The news source that I concentrated on is http://www.democracynow.org/ and specifically their spearhead Amy Goodman. Democracy Now is an alternative media source sustained mainly through contributions from the viewers, similarly to PBS. With no corporate parent to oversee its content, the show’s indepth exploration of current events can be as unbiased as possible. At 54, Amy Goodman co-hosts an award winning series called the “War and Peace Report” which broadcasts daily. Goodman is considered a principled journalist who fairly establishes both sides and instead of editorializing, lets the story tell itself. Before co-founding Democracy Now, Goodman was tortured after witnessing a mass killing in East Timor in an effort to convince her to not write a story, which she of course did anyway. Seven years later, she was beaten by Chevron’s representatives in Nigeria for aligning herself with the local villages who felt that their land was being contaminated by the oil company, so Goodman wrote a tell-all called The Exception to the Rulers: Exposing Oily Politicians, War Profiteers, and the Media That Love Them. Age has brought her experience and confidence in her own abilities.
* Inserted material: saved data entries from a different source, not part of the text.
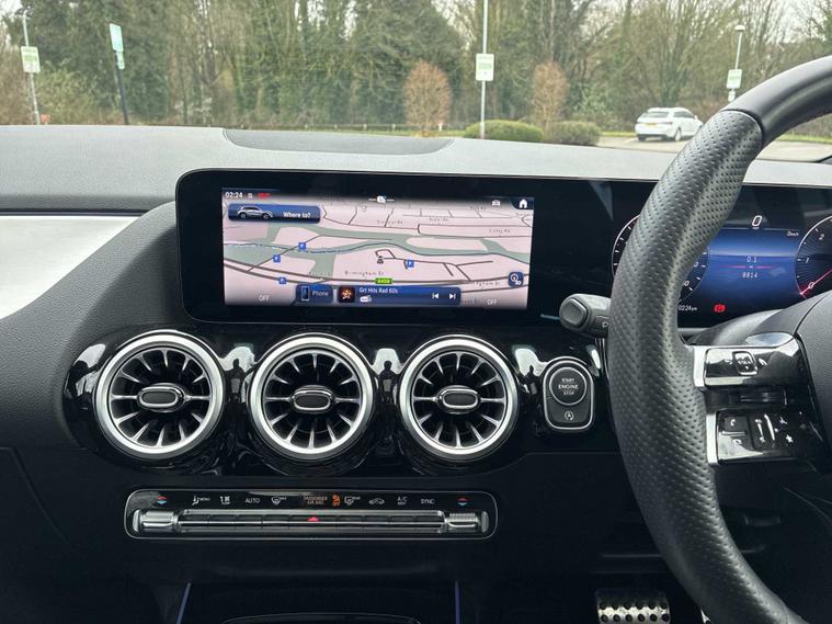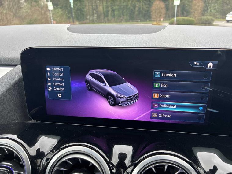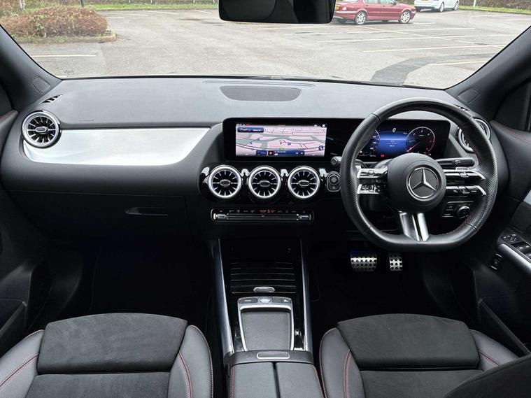 This 2025 Mercedes Benz GLA220d AMG Line (Premium Plus) is a superb example, having had only one owner from new. This four wheel drive diesel SUV boasts a 2.0 litre engine and meets Euro 6 emission standards. It comes equipped with the desirable AMG Line trim, a panoramic glass sunroof that opens for an airy cabin experience, and convenient wireless phone charging. Access is made easy with body coloured door handles featuring a chrome insert for keyless entry, further enhanced by the KEYLESS GO comfort package. Experience impressive performance with a 0-62mph acceleration time of just 7.5 seconds, all while achieving an excellent fuel economy of 47 mpg. This GLA also offers generous boot space, making it practical for everyday use and longer journeys. Its low CO2 emissions are a testament to its efficient design. The advanced parking package includes a 360 degree camera, providing comprehensive assistance when manoeuvring and parking, demonstrating how this vehicle excels beyond its peers.
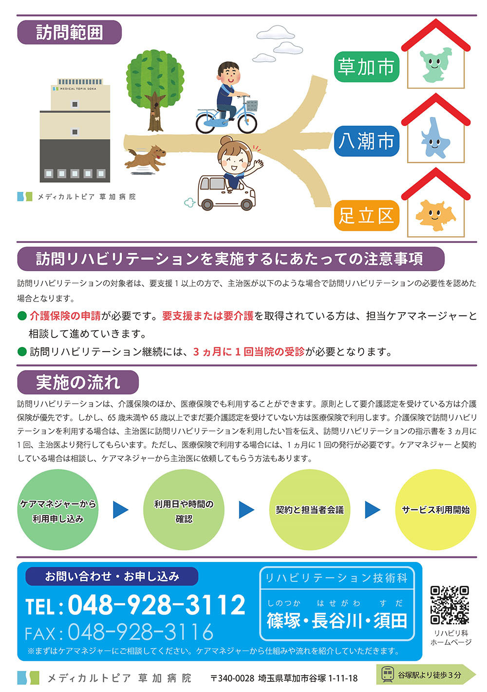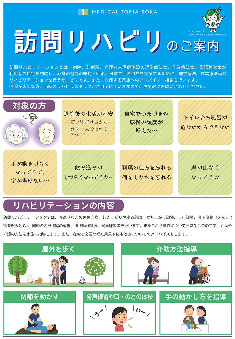 当院リハビリテ ーション技術科より利用者のご自宅を訪問し、日常生活の回復をお手伝い致します。通院が大変な方や退院後の生活に不安を感じている方、ぜひ当院までご相談くださいませ。
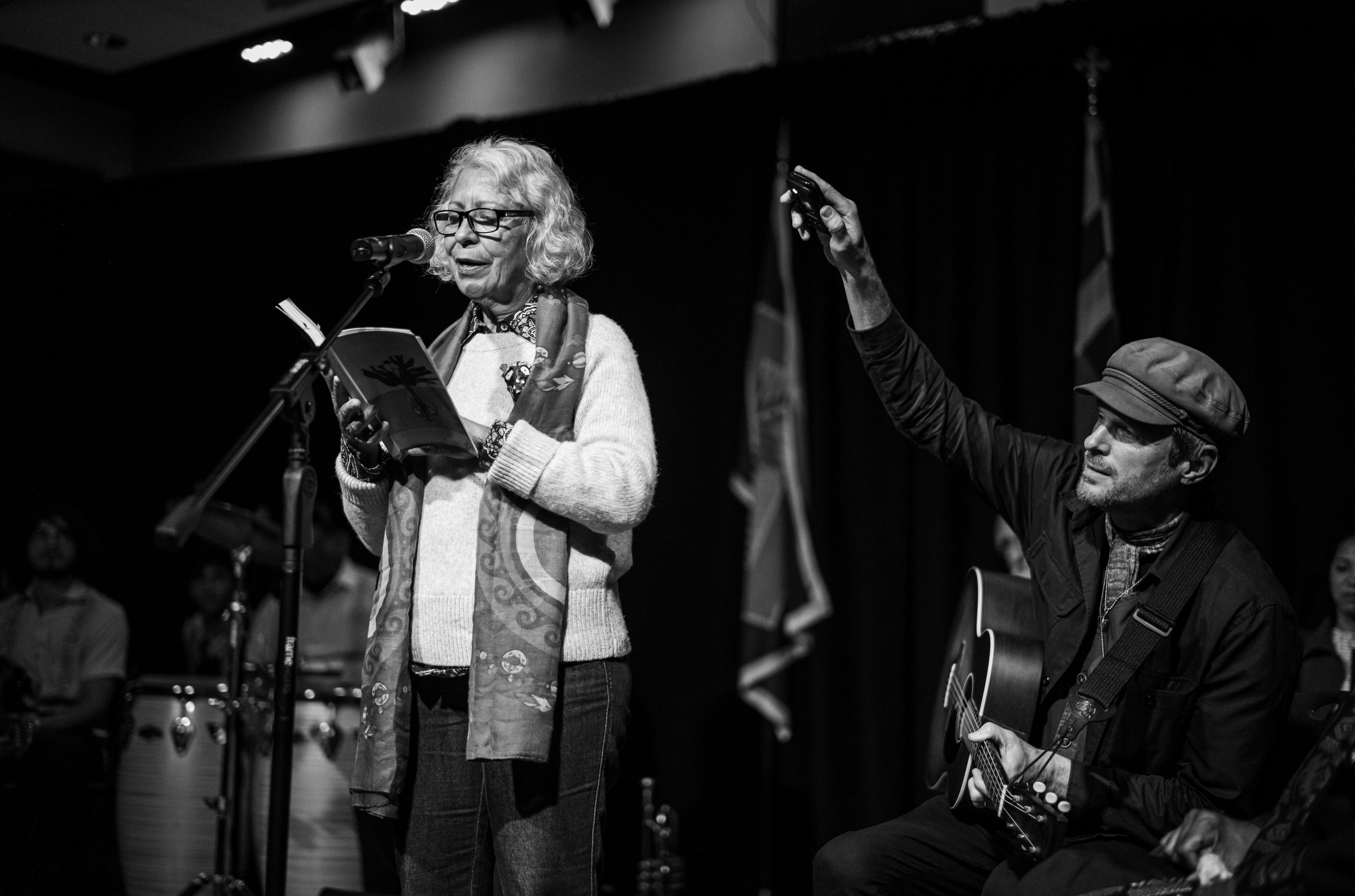 It was kind of a speed-round format, each performer was given basically one song/poem - ok, a few pushed it a bit - and we had the performers on stage the whole time while waiting their turn. It created a nice feeling of the performers being together with each other, and with the audience. Los Locos provided between-act ‘bridge’ music.
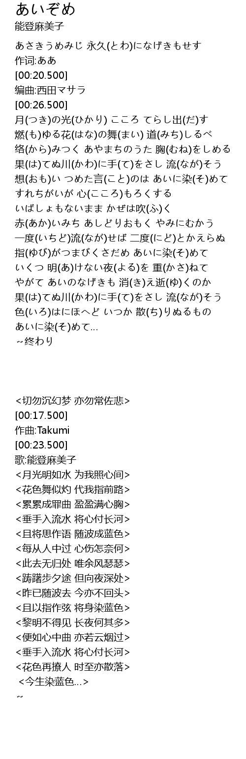 | [04:00.260] | あいに染(そ)めて… |
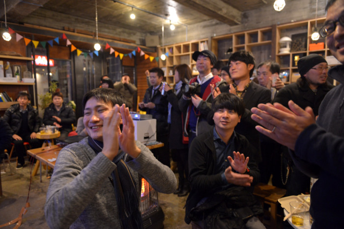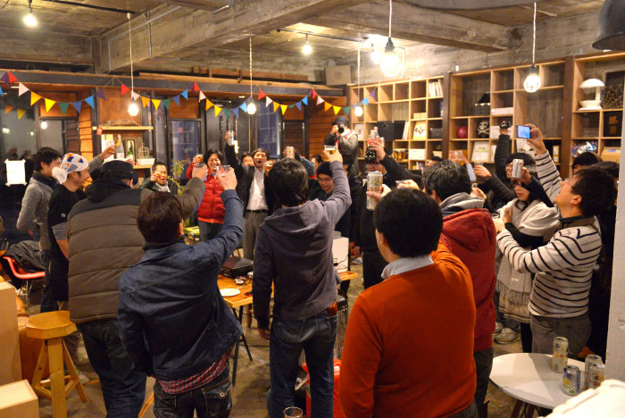 まずは乾杯から。これは二度目の乾杯のようですね。僕は遅れての参加となったんですが、こういう瞬間に間に合うことが出来て良かったです(^^)
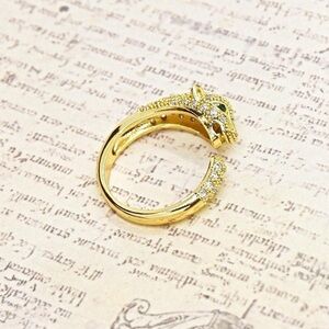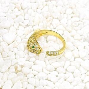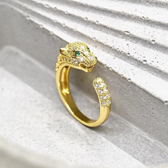 Features a sculpted panther / leopard head with stunning micro pave crystal design and green rhinestones as eyes. Finished on high polished stainless steel hardware!
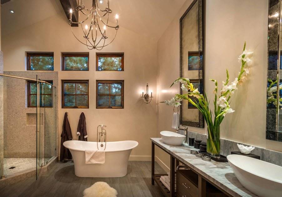 Современные интерьеры сочетают классические черты с прагматичностью и функциональностью. Они эклектичны и разнообразны, поэтому можешь комбинировать натуральный камень с акрилом и хромом, а состаренное дерево – с ультрасовременными душевыми кабинами. Чтобы не перегружать пространство, уравновесь игру фактур простотой форм и планировки.

She is not the Stepford Wives version of perfectly coifed anchorwomen in micro skirts, as mimicked in the YouTube montage of Fox News Babes.
Compare that with a video of Amy Goodman being arrested at the Republican National Convention because despite having the proper paperwork, because the guards did not believe that she looked like an accredited reporter and instead charged her as an “instigator”.